• **TASK DETAILS**:
Please restate, exactly, only the lines from the beginning of the listing below through the line containing "The lava glaze", with the pictures left out.

• **DATASET ENTRIES**:
-*-*-
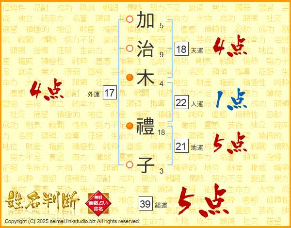 加(5画)治(9画)木(4画) 禮(18画)子(3画)
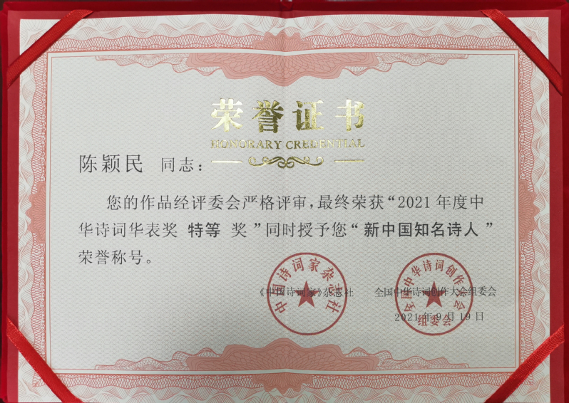 新洋:陳穎民榮獲“2021年度中華詩(shī)詞華表獎(jiǎng)特等獎(jiǎng)”
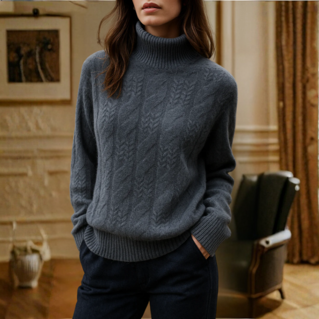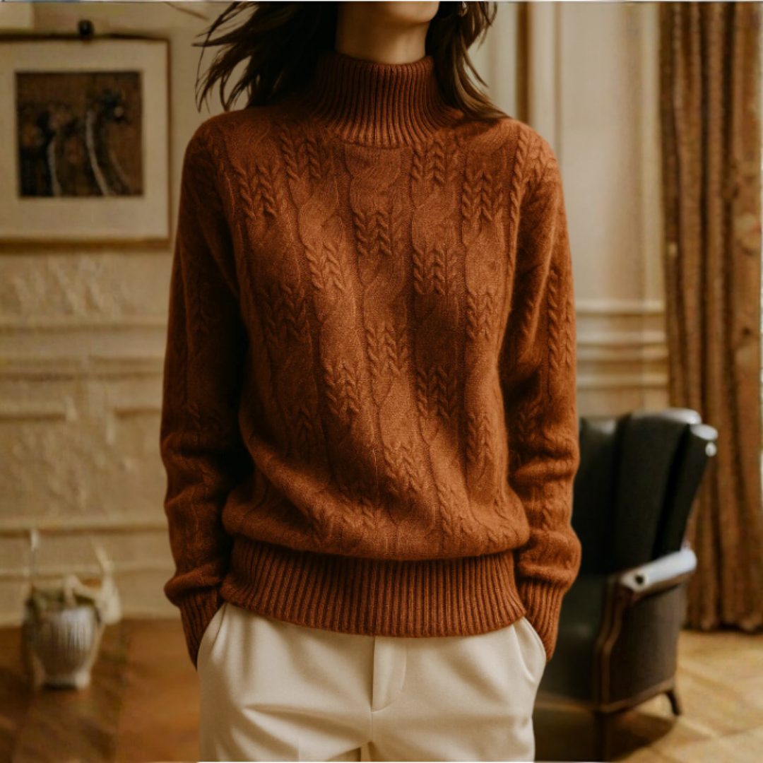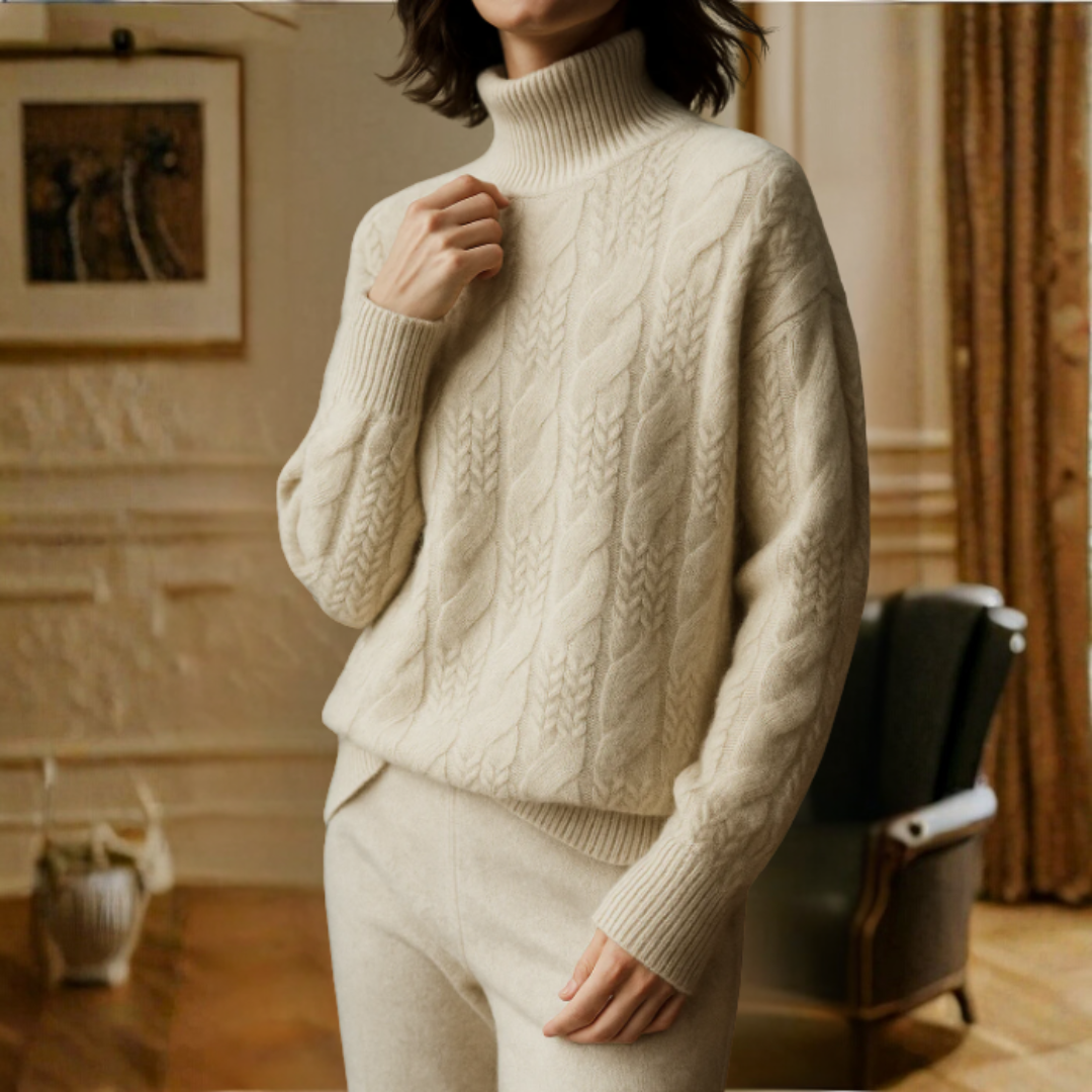 「ケーブルニットセーター」は、シンプルな中に洗練された魅力を秘めた一枚。やわらかな着心地とエレガントなシルエットで、日常をより心地よく彩ります。
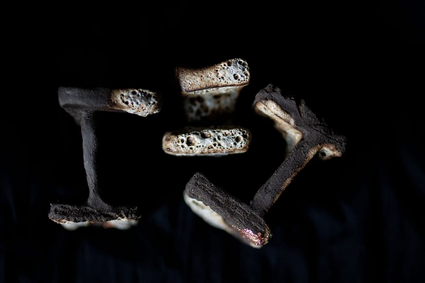 The lava glaze represents another process of transformation these pieces have gone through as they rested underground. I imagined something growing on them and taking over. Not moss or mold, but lava and metal, insinuating themselves in crevices and structures, forming new layers.
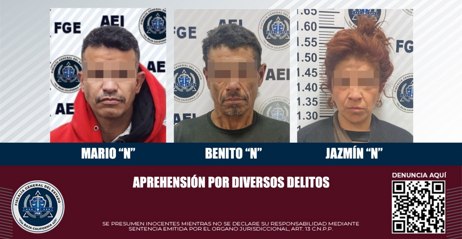 TIJUANA, BAJA CALIFORNIA. - La Fiscalía General del Estado a través de la Agencia Estatal de Investigación Zona Tijuana, informa sobre la cumplimentación de tres órdenes de aprehensión, una relacionada con el delito de robo con violencia y dos por robo de vehículo en diferentes modalidades, logradas entre los días 6 y 9 de enero de 2025.
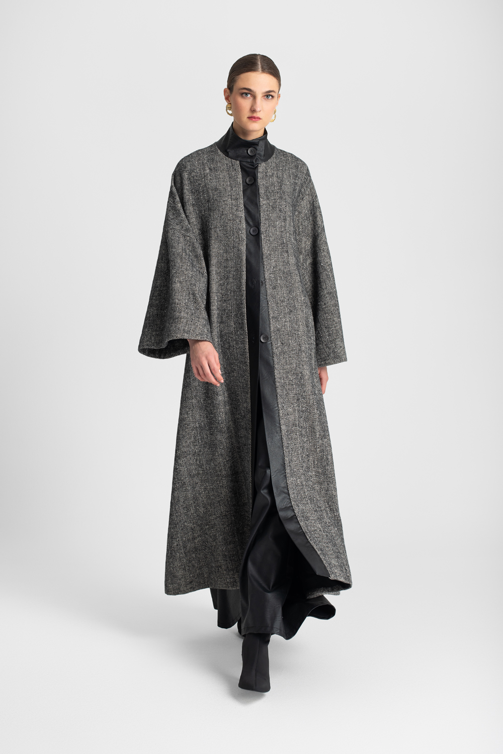 Το MOUTAKI Coat Grey Black είναι ένα κομψό και διαχρονικό μακρύ παλτό, σχεδιασμένο για να φοριέται άνετα από το πρωί έως το βράδυ. Το γκρι χρώμα του συνδυάζεται ιδανικά με τις μαύρες δερμάτινες λεπτομέρειες, προσδίδοντας σύγχρονο χαρακτήρα και ιδιαίτερο στυλ.
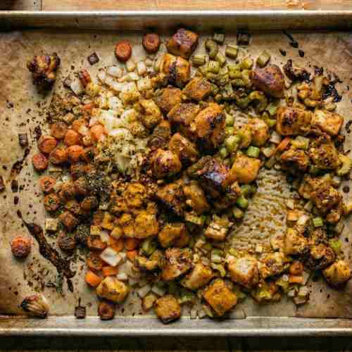 - Spread the mixture into a single layer across the sheet pan, making sure pieces are not overcrowded.
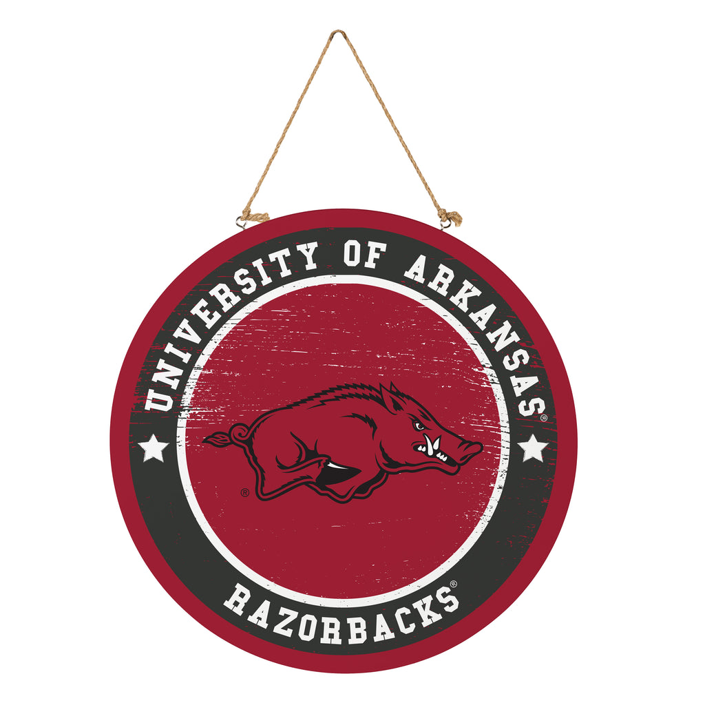 Celebrate your Razorbacks pride with this University of Arkansas Round Door Decor. Perfect for any fan, it features a durable hanging rope for easy display indoors or out.
-*-*-
• **ANSWER TO THE EXERCISE**:
 加(5画)治(9画)木(4画) 禮(18画)子(3画)
 新洋:陳穎民榮獲“2021年度中華詩(shī)詞華表獎(jiǎng)特等獎(jiǎng)”
 「ケーブルニットセーター」は、シンプルな中に洗練された魅力を秘めた一枚。やわらかな着心地とエレガントなシルエットで、日常をより心地よく彩ります。
 The lava glaze represents another process of transformation these pieces have gone through as they rested underground. I imagined something growing on them and taking over. Not moss or mold, but lava and metal, insinuating themselves in crevices and structures, forming new layers.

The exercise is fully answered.